▶ Your objective: The response should repeat word for word every line below from the one with "Viļakā svin maizes, siera un alus svētkus." to the one with "Exposição Água Vai, Museu da Cidade - 8º Ano", inclusive, and nothing else; leave pictures out.

■ ■ ■ ■ ■

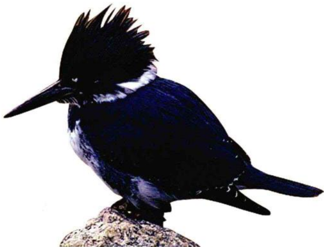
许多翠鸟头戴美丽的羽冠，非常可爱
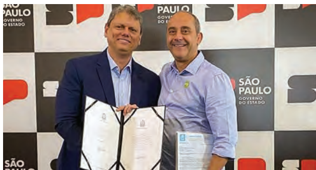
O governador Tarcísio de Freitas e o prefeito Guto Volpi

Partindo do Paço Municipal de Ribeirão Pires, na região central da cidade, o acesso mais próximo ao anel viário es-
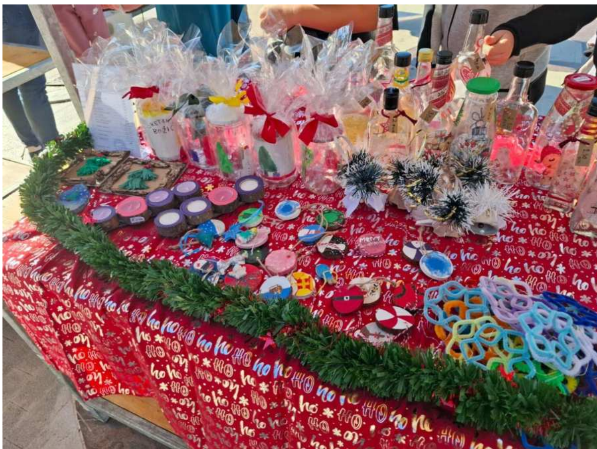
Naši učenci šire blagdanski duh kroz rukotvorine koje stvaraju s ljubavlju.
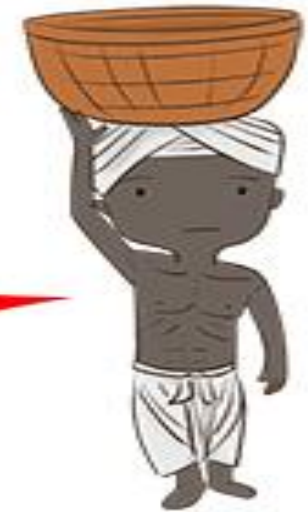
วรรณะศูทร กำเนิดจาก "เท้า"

■ ■ ■ ■ ■

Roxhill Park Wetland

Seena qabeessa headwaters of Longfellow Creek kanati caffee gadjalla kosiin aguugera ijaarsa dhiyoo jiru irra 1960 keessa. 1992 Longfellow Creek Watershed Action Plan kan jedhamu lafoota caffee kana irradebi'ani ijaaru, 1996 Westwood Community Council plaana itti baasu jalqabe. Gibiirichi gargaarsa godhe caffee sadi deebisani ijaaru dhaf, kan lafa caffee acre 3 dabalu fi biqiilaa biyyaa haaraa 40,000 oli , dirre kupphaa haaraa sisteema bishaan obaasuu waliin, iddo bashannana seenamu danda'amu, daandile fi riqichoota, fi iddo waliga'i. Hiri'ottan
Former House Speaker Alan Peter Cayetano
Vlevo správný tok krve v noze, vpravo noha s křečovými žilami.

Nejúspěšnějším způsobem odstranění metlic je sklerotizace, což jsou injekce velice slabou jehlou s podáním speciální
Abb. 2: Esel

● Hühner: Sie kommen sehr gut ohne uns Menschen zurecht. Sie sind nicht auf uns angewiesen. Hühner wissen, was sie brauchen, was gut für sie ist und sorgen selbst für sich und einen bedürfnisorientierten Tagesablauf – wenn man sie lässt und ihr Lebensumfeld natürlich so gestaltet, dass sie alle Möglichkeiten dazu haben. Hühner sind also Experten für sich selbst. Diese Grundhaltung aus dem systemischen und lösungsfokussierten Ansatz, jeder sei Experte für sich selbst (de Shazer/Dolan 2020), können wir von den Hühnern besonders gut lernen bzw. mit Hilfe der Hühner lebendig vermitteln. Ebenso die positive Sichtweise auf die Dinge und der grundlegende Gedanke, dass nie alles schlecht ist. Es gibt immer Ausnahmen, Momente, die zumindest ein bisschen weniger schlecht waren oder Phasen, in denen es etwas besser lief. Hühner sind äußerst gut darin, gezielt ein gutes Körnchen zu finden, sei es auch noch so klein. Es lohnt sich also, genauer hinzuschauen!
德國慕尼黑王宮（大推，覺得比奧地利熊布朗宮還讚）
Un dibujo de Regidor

■ ■ ■ ■ ■

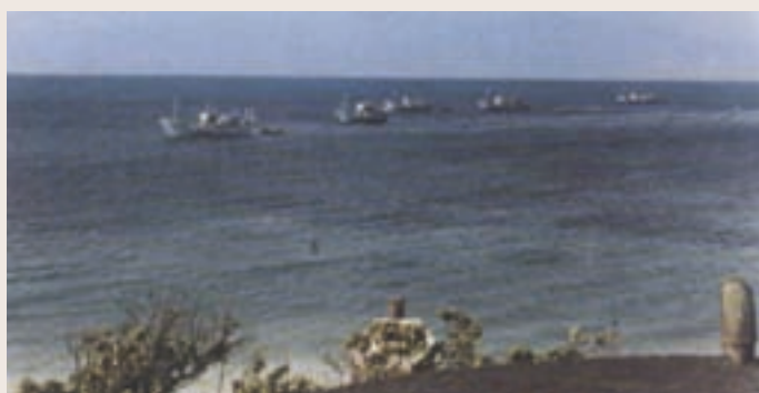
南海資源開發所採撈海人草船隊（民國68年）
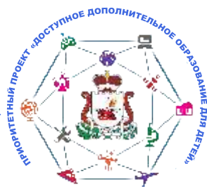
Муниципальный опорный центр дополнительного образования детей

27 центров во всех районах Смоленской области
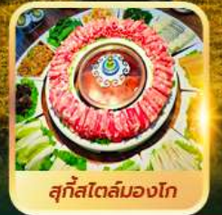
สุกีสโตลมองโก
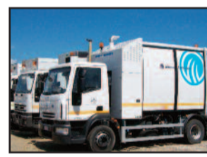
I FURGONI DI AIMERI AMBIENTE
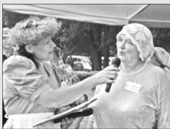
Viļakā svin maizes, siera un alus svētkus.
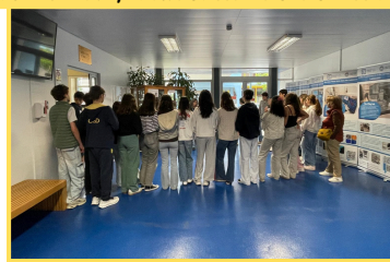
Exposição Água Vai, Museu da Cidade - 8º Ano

■ ■ ■ ■ ■

▶ Finished exercise:
Viļakā svin maizes, siera un alus svētkus.
Exposição Água Vai, Museu da Cidade - 8º Ano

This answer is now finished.